▸ **EXERCISE AIM**
The response should repeat word for word every line below from the one with "This week back" to the one with "7. Love the", inclusive, and nothing else; leave pictures out.

▸ **DATA TO EXAMINE**
BEGIN

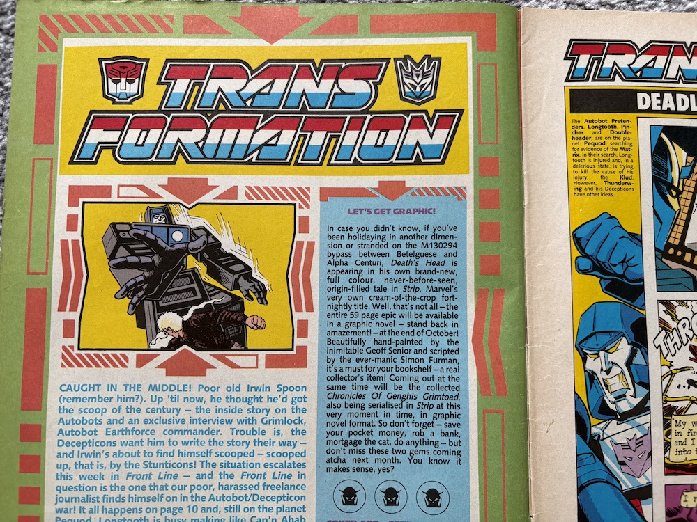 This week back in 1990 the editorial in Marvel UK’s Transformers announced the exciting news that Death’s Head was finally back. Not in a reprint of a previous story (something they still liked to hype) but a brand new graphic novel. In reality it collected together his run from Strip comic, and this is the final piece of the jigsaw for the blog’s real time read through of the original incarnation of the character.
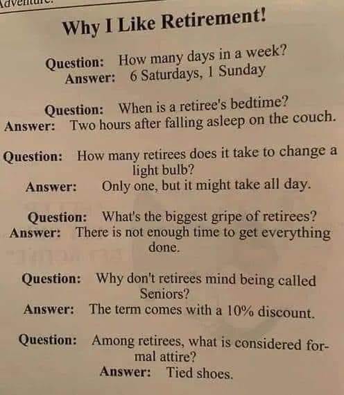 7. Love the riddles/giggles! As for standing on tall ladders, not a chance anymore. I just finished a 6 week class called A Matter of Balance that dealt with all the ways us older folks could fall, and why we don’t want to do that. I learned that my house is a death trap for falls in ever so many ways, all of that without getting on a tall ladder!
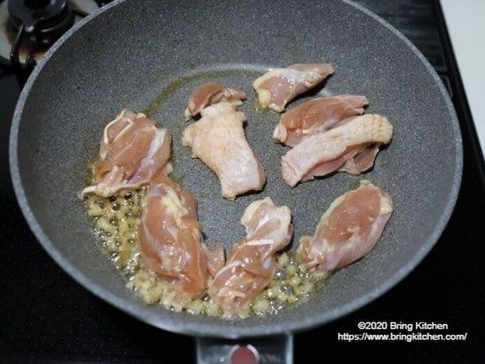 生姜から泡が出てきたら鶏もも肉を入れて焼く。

END
BEGIN

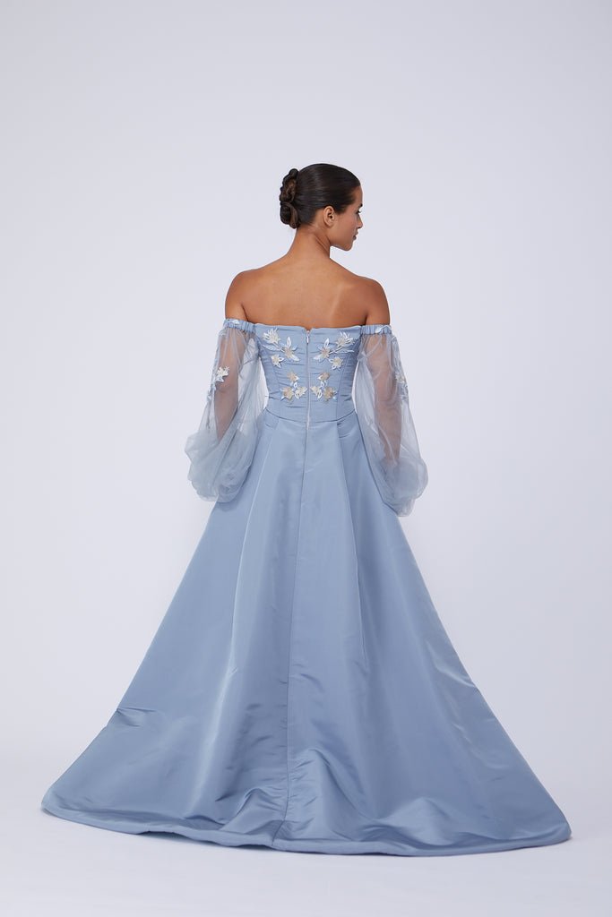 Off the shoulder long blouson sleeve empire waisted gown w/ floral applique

END

▸ **RESULT OF THIS EXERCISE**
 This week back in 1990 the editorial in Marvel UK’s Transformers announced the exciting news that Death’s Head was finally back. Not in a reprint of a previous story (something they still liked to hype) but a brand new graphic novel. In reality it collected together his run from Strip comic, and this is the final piece of the jigsaw for the blog’s real time read through of the original incarnation of the character.
 7. Love the riddles/giggles! As for standing on tall ladders, not a chance anymore. I just finished a 6 week class called A Matter of Balance that dealt with all the ways us older folks could fall, and why we don’t want to do that. I learned that my house is a death trap for falls in ever so many ways, all of that without getting on a tall ladder!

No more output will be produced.